If you are Mr. Green Circle, and look around you along the green lines, you see everything as usual. When you start looking towards your friend Mr. Pink Circle though, the light arriving at your 2D "eyes" is the light coming out of the portal from Mr. Orange Circle.

In 2D, you see the world in the direction of the portal becoming distorted hyperbolically, you can actually see infinite more and more distorted and thinned-out reflections of yourself, and then the distortion reverses and in the middle you can see, clearer and clearer, a different place.

Exactly the same thing happens in 3D. In this image you see a distorted Milky Way, and in the middle the opposite section of the same galaxy - the "inside" and "outside" of the distortion are 30,000 light-years apart.

The nearer you go to the portal, the more distortion you see far from you and the less distortion you see near you. Wherever you pass through, the local distortion is effectively nil (for a large enough portal of course - at least, say, one hundred times your own size).

enter image description here

All this assumes that there is a continuous isotropic distortion around the portal; otherwise, the behaviour of matter and light on the boundary is anyone's guess. The portal might even be impassable (or its borders could act like an atom-thin razor, in which case, in 3D, any object entering would effectively be instantly shredded at the atomic level - not even freezing would be enough to protect biological entities; some ultra-cooled crystals could make it through reasonably unscathed, with just their lattice defects rearranged).

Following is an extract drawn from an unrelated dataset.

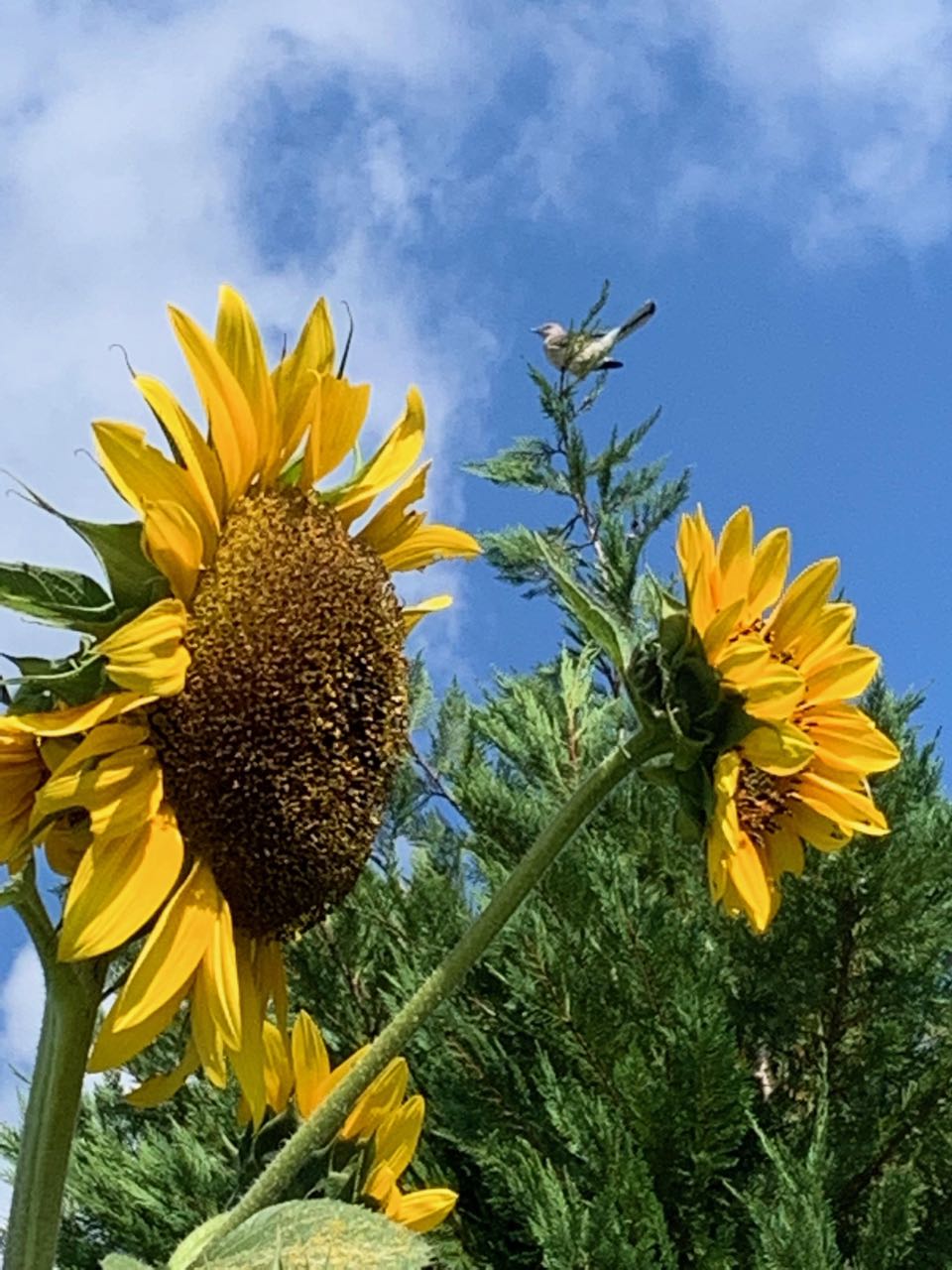 Jaxi писал(а): Как мне фиалочки мини нравятся!! У меня по-деревенски. Подсолнух цветет. А на верхушке туи-моя подружка сидит.Все так вокруг и вьется. Залетает на бэк порч,и чирикает, вызывает меня на трудовые подвиги! Бейли, наконец-то зацвели дей лилии. Цвет странный какой-то.Вроде, я более розовый покупала.  Ну да ладно, цветут и хорошо. Еще бабочка прилетела сегодня,я таких не видела раньше. Ну надо же, какой уже большой подсолнух! Красавец. У меня малыши совсем еще, под кормушкой лезут Подружка твоя вроде kak Mockinbird, а ты уверена, что она не пытается отогнать тебя?  Они очнеь протектив к своей территории, когда там гнездо. Могут нападать даже на людей, а уж кошки-собаки так им вообще не противники в этом деле Бабочку ищи не как бабочка, а как Moth. и по своему штату. Красивая! С дейлилями у меня тоже пересортица, купила яркого нового цвета, распустилась самая разобычная желтая, а ведь в магазине, не на остановке  У тебя красивый цвет!
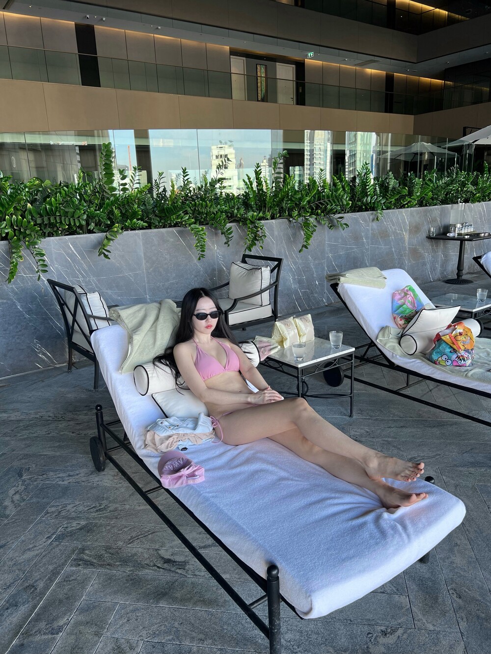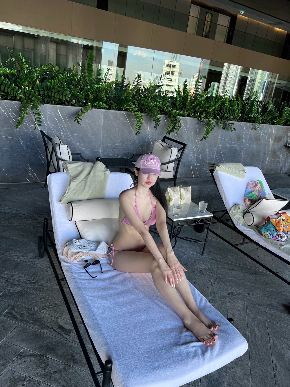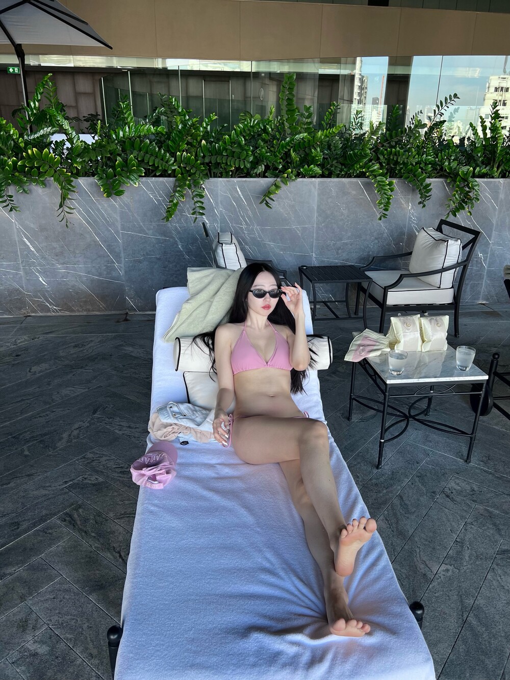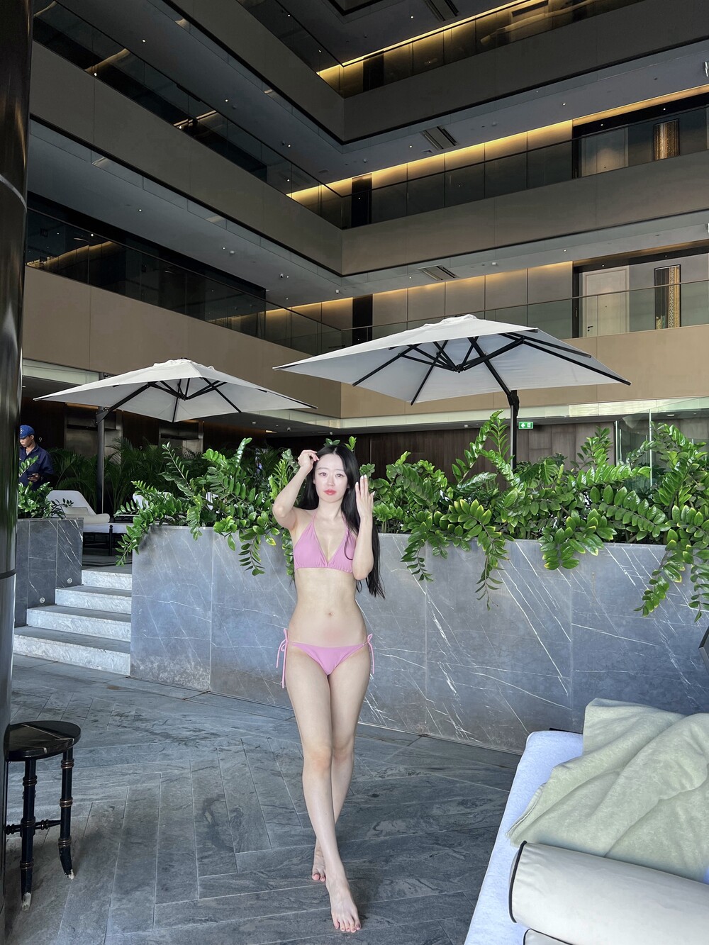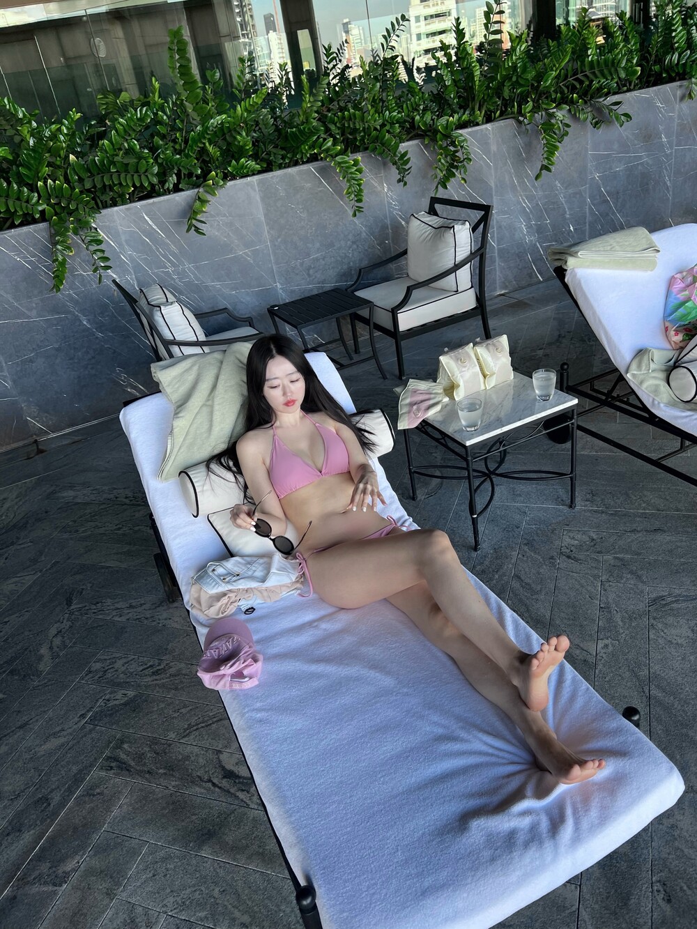 유행을 타지 않는 클래식한 태닝 비키니 세트입니다.

If the distortion is anisotropic, then there is a "backwash" effect. Taken to the extremes, the distortion becomes one-way - particles can only move in one direction. In that case, traversing the portal would deliver a nasty hydrostatic shock when blood finds itself incapable of moving in those vessels that run in the wrong direction. For very small times - one hundredth of a second or less, the shorter the better - you would receive the equivalent of a coin sock to the head. Confusion, perhaps loss of consciousness. The longer the time (and passage repetitions), the more damage - up to brain haemorrhage and death. A short passage, or a very thin anisotropic portion of the interface, would reduce the damage down to nothing.

Incidentally, this implies that the danger of a portal (if more than one kind exist) may be visually estimated by measuring the distortion and comparing it against its aperture. A large portal with wide, continuous distortion would be innocuous except to very large objects; a narrow one with irregular distortions would be deadly).

Also, portals leading to areas with lower barometric pressure (higher up, or warmer air, or the eyes of hurricanes) would suck air, possibly at a considerable rate. If there is be nothing to "hold to" near a portal, you might have trouble avoiding going in, or in the other direction, attempting to go back.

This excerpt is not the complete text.